Congrats to you and Miss Speed Demon.


----------



## Aislinn (Nov 13, 2010)

Fantastic! Congratulations!


----------



## hawtee (Nov 1, 2006)

Congrats on a wonderful weekend. That is so exciting sure wish you would have gotten vids..smacking you with a wet noodle


----------



## Loisiana (Jul 29, 2009)

So Ann when are we going to swap pups for a few months and get titles on each others dog's?


----------



## sammydog (Aug 23, 2008)

Congratulations!!!!! Go Gooooooo!

I thought the courses Barley had in Novice were a bit tricky, especially the weaves. The runs we had the weaves were not changed much from Excellent. Same for the Open courses we had.

So when does Goo debut in Open!?


----------



## Maxs Mom (Mar 22, 2008)

Jodie if we lived closer I would swap in a heart beat... or at least let you show and train Goo in obedience. I suck but she is really good. 

So does that mean Barley made his preferred debut?? Gabby runs in open for the first time on the 19 & 20 of this month. 
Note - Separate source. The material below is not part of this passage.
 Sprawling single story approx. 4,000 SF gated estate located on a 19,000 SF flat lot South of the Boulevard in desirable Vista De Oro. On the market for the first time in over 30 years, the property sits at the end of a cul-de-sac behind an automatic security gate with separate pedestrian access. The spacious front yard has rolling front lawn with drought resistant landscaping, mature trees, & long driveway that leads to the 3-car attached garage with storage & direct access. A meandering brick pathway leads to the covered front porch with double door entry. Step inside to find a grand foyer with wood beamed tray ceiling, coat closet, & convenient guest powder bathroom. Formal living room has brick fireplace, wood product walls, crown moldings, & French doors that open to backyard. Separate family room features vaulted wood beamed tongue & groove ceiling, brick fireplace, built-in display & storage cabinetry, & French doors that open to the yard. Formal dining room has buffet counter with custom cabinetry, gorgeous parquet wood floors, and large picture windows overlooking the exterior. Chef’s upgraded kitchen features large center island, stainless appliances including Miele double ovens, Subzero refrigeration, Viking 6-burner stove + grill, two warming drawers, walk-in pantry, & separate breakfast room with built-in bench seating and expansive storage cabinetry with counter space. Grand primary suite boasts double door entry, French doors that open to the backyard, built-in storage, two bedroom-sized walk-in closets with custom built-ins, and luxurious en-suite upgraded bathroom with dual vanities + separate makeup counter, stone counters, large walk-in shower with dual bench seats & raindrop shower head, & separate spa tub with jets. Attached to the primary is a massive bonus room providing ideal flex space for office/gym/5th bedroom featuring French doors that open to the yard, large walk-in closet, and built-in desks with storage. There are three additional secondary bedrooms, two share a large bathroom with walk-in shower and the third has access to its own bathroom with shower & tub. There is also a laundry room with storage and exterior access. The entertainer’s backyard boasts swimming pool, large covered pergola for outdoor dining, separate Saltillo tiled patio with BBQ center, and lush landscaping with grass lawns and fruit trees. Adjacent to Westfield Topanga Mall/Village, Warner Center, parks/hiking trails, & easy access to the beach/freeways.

Again... I apologize we are SLOW getting the video out. Art has been working on getting a room painted etc, his mom is coming next weekend and it is torn apart. We need to get it so she can stay in it. I will post the video from her first trial hopefully soon, and we should get video from her open runs. I just have to teach my friend how to use the camera. 

Here are pics of Gabby from Grand Rapids. She is in the third row starting with the sitting picture. 
Sun-Nov-Std


----------



## sammydog (Aug 23, 2008)

I love the pic of Gabby coming out of the weaves! My favorite! I also like the one of her sitting on the startline.

Yes, Barley made his Preferred debut, I will have to send you a video. I did not post much, but he was great. Running in Novice again with an excellent dog is a riot! He went 6 for 6 with all perfect runs and is back in Excellent A this weekend.


----------